What is required
Only those lines in the data below from the line containing "Hübsches Set mit" through the line containing "圖4: 中國武漢市暴發新冠肺", both included, should be restated word for word.

Data for the task
•••••

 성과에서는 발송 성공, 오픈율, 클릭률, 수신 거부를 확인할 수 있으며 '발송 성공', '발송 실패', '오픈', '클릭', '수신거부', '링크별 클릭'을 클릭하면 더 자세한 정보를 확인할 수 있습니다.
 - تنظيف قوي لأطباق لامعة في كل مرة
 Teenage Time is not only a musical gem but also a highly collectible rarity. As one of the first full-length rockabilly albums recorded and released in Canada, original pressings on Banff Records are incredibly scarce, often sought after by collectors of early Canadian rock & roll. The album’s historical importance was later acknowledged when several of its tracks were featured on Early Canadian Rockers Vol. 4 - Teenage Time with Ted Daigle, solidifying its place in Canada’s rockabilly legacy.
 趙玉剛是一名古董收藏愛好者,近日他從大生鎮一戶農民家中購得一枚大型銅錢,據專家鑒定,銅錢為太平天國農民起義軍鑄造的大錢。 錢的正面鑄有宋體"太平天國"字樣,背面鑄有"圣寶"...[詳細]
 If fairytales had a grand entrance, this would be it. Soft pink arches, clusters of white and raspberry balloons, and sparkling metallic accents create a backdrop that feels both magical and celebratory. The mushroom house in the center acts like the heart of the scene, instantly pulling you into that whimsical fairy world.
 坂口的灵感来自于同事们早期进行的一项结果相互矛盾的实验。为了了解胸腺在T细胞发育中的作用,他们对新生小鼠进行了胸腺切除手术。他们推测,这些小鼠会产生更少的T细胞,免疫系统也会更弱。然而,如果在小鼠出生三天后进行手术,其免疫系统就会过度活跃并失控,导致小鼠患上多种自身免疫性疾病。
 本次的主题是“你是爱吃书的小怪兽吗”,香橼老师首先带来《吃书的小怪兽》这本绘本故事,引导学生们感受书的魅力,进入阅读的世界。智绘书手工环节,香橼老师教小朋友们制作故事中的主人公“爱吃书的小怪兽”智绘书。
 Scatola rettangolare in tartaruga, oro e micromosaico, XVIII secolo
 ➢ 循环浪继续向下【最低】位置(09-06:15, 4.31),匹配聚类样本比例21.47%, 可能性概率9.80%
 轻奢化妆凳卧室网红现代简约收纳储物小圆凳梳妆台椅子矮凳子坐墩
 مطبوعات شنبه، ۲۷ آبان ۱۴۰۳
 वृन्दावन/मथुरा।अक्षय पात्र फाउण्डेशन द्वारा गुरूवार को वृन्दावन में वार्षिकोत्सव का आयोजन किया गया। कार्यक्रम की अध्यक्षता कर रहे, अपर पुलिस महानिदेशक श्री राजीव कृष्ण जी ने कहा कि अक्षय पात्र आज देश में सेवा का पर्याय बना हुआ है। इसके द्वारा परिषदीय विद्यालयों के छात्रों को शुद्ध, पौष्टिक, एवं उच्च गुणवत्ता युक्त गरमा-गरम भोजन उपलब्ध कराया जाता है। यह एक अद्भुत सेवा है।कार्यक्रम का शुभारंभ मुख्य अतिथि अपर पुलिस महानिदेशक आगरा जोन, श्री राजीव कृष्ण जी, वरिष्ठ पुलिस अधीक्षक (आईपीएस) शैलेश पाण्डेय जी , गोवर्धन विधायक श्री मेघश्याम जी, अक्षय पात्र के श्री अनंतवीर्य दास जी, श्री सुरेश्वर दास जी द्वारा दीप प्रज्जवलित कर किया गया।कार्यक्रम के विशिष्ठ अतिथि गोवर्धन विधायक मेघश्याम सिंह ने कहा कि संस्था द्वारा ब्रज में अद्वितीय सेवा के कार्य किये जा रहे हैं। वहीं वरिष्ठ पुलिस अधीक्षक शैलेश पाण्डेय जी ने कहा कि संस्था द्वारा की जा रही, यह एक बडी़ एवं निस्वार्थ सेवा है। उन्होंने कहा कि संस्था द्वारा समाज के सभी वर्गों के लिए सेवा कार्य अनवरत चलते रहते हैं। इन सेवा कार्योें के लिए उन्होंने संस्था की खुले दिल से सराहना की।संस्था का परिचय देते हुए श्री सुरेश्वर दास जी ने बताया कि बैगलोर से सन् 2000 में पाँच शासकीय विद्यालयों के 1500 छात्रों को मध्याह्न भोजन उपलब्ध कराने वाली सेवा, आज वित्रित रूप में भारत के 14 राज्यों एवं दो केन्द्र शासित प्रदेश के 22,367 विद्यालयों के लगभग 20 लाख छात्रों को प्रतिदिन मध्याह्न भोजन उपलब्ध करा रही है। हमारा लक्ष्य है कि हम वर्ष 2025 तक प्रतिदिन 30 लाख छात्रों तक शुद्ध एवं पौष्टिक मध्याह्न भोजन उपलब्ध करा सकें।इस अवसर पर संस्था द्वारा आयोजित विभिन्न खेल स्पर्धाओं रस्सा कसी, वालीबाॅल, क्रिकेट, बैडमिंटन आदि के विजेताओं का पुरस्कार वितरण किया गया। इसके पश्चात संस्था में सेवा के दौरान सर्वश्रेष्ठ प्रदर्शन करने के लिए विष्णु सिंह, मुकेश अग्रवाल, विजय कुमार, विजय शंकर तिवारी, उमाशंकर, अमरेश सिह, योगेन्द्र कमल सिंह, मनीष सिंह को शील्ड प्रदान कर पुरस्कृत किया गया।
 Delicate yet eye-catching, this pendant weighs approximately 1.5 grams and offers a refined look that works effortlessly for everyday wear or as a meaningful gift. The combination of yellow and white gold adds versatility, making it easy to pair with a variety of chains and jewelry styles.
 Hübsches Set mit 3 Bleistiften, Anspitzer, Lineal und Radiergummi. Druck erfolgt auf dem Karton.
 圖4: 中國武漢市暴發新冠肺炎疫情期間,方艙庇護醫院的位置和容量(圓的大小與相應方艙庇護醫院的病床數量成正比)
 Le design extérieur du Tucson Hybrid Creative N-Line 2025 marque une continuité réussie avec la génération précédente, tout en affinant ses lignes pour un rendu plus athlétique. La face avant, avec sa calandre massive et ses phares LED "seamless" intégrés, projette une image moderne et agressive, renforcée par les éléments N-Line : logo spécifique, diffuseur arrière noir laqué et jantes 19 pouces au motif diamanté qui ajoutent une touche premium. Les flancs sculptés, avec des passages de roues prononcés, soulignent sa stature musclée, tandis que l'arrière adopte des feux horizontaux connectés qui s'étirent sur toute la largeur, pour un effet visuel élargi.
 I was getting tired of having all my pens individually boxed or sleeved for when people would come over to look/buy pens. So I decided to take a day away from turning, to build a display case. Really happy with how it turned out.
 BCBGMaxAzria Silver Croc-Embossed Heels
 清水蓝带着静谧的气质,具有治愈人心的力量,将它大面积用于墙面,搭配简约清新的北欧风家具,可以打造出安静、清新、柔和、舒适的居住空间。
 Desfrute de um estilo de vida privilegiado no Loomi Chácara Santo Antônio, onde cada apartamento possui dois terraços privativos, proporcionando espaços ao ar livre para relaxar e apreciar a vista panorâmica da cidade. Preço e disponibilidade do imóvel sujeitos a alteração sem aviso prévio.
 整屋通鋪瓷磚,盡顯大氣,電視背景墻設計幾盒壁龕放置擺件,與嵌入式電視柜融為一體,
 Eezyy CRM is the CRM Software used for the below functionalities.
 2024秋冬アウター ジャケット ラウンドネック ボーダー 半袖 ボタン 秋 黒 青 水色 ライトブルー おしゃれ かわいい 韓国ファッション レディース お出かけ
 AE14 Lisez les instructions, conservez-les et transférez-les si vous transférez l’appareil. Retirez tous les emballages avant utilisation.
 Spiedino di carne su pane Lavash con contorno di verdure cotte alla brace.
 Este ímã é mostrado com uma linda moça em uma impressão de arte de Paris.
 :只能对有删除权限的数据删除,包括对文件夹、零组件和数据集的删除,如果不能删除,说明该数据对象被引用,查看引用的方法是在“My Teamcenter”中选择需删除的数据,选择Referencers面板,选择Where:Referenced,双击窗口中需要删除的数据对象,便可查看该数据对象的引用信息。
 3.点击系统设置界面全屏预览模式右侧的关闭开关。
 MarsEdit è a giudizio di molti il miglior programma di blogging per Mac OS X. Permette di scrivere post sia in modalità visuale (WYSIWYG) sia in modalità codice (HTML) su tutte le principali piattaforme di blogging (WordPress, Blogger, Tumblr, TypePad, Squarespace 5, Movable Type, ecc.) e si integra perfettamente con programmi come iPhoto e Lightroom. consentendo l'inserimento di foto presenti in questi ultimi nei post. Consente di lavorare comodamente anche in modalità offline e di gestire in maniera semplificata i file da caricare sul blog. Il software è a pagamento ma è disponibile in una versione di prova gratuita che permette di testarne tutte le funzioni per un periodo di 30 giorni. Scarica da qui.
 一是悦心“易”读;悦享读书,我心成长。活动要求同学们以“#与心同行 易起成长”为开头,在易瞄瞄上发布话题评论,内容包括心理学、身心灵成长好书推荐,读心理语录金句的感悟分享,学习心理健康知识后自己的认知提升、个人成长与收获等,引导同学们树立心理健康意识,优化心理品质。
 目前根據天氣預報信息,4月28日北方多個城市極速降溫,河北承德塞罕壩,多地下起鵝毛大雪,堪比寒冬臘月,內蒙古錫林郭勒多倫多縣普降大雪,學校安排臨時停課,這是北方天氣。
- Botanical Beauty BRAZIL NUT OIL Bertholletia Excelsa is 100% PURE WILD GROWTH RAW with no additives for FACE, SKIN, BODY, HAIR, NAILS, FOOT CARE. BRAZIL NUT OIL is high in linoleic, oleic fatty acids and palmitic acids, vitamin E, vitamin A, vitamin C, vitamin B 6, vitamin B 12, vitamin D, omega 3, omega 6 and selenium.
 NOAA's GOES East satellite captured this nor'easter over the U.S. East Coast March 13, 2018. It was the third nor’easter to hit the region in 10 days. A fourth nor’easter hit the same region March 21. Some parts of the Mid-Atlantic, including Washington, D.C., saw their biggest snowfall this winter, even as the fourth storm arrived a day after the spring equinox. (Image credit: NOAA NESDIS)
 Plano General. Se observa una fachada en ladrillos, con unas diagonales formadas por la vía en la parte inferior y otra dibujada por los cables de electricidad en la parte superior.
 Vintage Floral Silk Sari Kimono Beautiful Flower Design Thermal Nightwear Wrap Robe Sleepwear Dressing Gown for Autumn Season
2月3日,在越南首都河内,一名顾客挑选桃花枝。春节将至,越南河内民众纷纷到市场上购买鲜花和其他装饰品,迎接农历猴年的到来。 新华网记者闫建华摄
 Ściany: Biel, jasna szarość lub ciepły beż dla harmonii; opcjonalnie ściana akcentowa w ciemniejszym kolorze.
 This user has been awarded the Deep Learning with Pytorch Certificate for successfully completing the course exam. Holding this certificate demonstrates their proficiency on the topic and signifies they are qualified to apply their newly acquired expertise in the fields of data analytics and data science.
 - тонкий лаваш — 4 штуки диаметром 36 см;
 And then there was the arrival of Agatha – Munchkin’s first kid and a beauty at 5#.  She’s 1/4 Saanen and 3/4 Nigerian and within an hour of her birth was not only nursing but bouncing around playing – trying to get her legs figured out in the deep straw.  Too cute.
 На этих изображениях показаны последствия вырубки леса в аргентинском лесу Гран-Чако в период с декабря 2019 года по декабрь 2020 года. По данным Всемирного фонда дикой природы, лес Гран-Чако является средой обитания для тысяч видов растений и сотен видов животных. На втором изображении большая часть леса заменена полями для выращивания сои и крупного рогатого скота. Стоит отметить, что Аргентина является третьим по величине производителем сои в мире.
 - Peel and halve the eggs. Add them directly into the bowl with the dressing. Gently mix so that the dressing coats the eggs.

•••••

Completed exercise
 Hübsches Set mit 3 Bleistiften, Anspitzer, Lineal und Radiergummi. Druck erfolgt auf dem Karton.
 圖4: 中國武漢市暴發新冠肺炎疫情期間,方艙庇護醫院的位置和容量(圓的大小與相應方艙庇護醫院的病床數量成正比)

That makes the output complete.